O voo partiu de Paris, na França. Os passageiros fizeram então uma escala em Sanaa, onde trocaram de aeronave, de um Airbus 330 para o Airbus 310. O avião seguiu então para as ilhas Comores. O avião decolou pouco depois das 21h30 desta segunda-feira (15h30 no horário de Brasília) e deveria voar durante 4h30 antes de pousar em Moroni, capital comorense.
A aeronave, com 142 passageiros e 11 tripulantes a bordo caiu no Oceano Índico a 15 km da ilha de Grande Comores à 1h50 (19h50 desta segunda-feira no horário de Brasília) poucos minutos antes do pouso.
Não há informações oficiais sobre o que teria derrubado a aeronave, embora a principal hipótese seja o mau tempo --fortes ventos atingiam a região no momento do acidente e atrapalharam as operações de busca.
Até o momento, apenas uma adolescente de 14 anos, identificada como Baya Bakari, sobreviveu ao acidente. A jovem viajava com a mãe e sofreu fratura de clavícula e queimaduras no joelho, informou seu pai que reside perto de Paris.
Al Huti afirmou que o avião passou por uma revisão geral em maio e que, desde então, tinha efetuado 211 horas de voo. Ele explicou ainda que os aviões da companhia aérea são submetidos a um sistema regular de vigilância da União Europeia.
Passageiros
O vice-presidente de Aviação Civil do Iêmen, Mohammed Abdel-Rahman Abdel Qadir, confirmou que, segundo a lista definitiva, viajavam 75 comorenses no avião, 65 franceses, um canadense e um palestino, além dos onze tripulantes --seis iemenitas, dois marroquinos, uma indonésia, uma filipina e um etíope.
Abdel Qadir afirmou que o Iêmen mandará uma equipe de mergulhadores das forças especiais, esta noite, para ajudar nos trabalhos de resgate. Ele disse ainda que, por enquanto, não tem nenhuma informação sobre o resgate de novos corpos.

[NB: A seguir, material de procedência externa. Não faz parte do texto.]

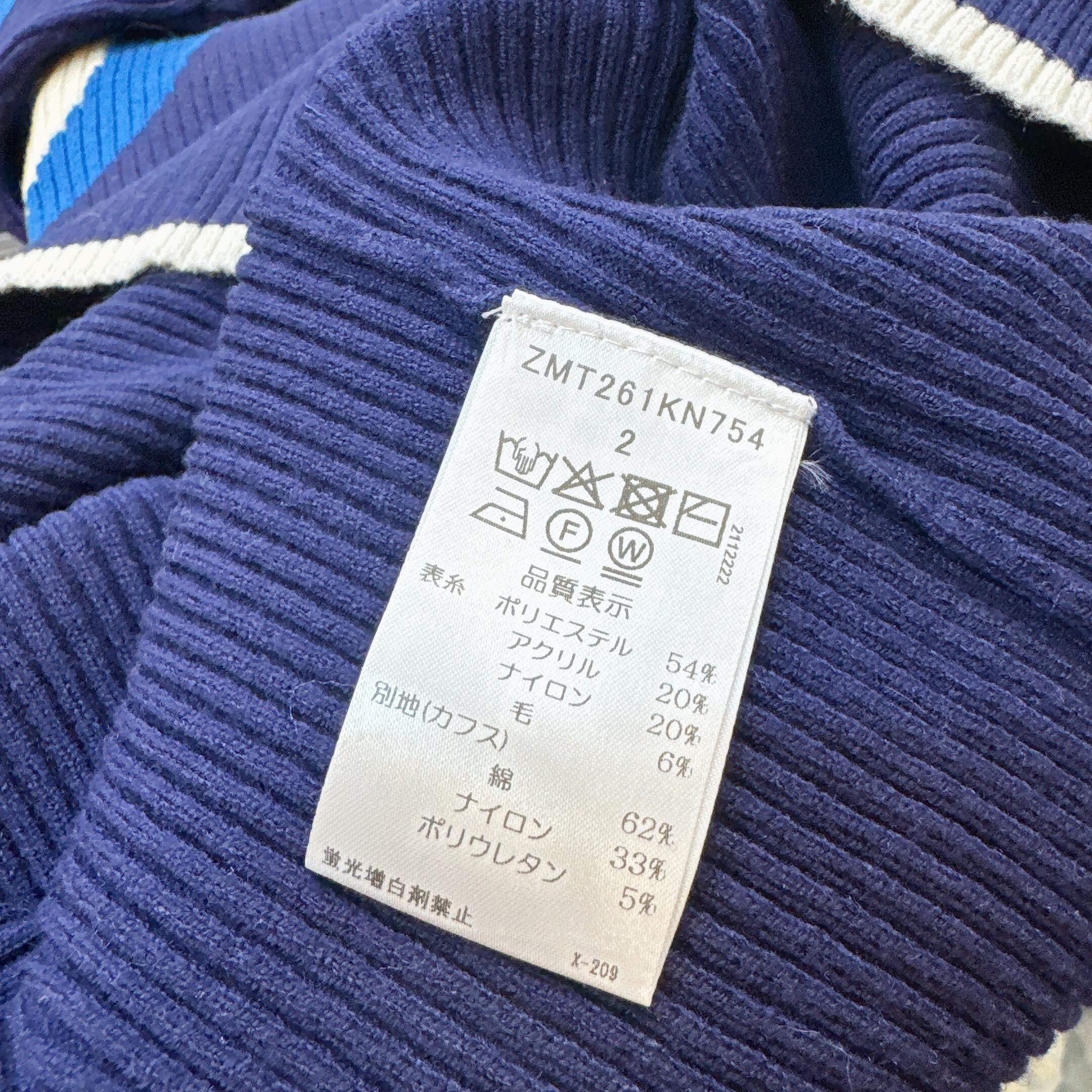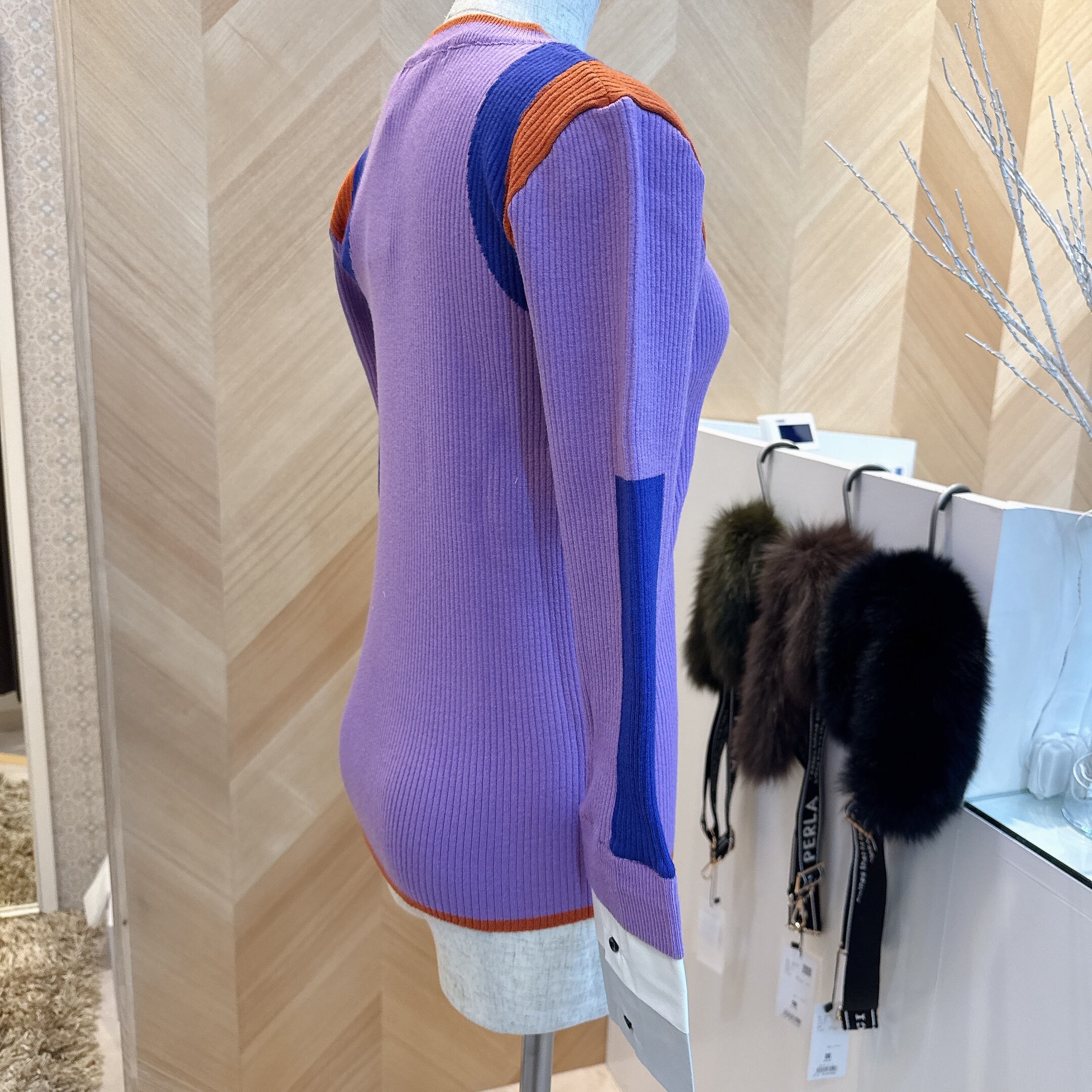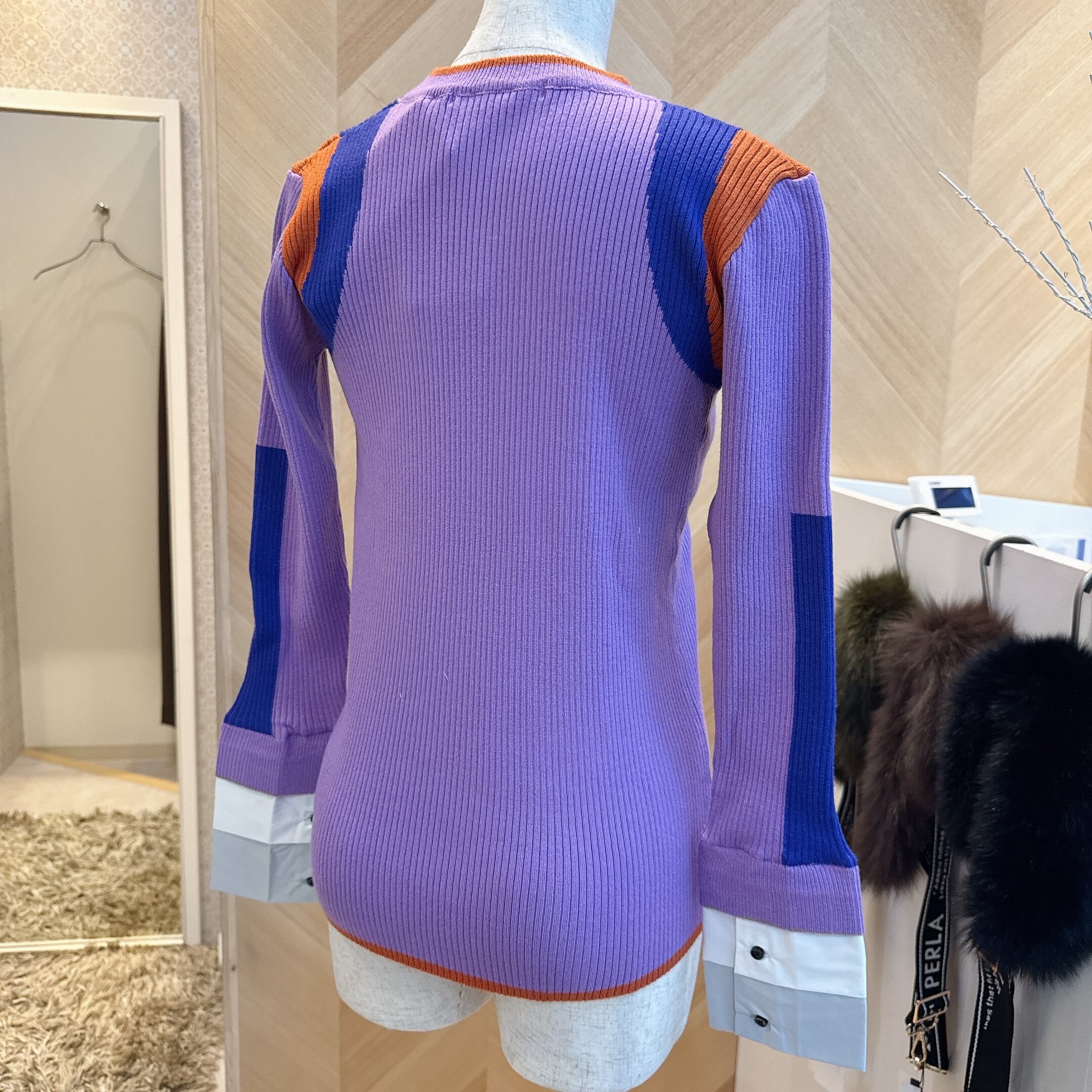 袖や肩の配色が目を引く程よいフィット感のリブニット。

Na mesma entrevista coletiva, o diretor de Aviação Civil iemenita, Abdel Jaleq al-Qadi, acusou as autoridades francesas de lançarem uma campanha de desprestígio contra seu país, porque "o Iêmen é um país pequeno, que não tem voz no mundo".
A Yemenia Airway "é uma companhia que opera de acordo a padrões internacionais, o avião acidentado estava em bom estado técnico, não tinha absolutamente nenhuma imperfeição", disse al-Qadi.
O diretor se referiu às declarações do secretário de Estado de Transportes francês, Dominique Bussereau, que revelou que a Direção Geral de Aviação Civil da França tinha constatado "certos defeitos" no avião.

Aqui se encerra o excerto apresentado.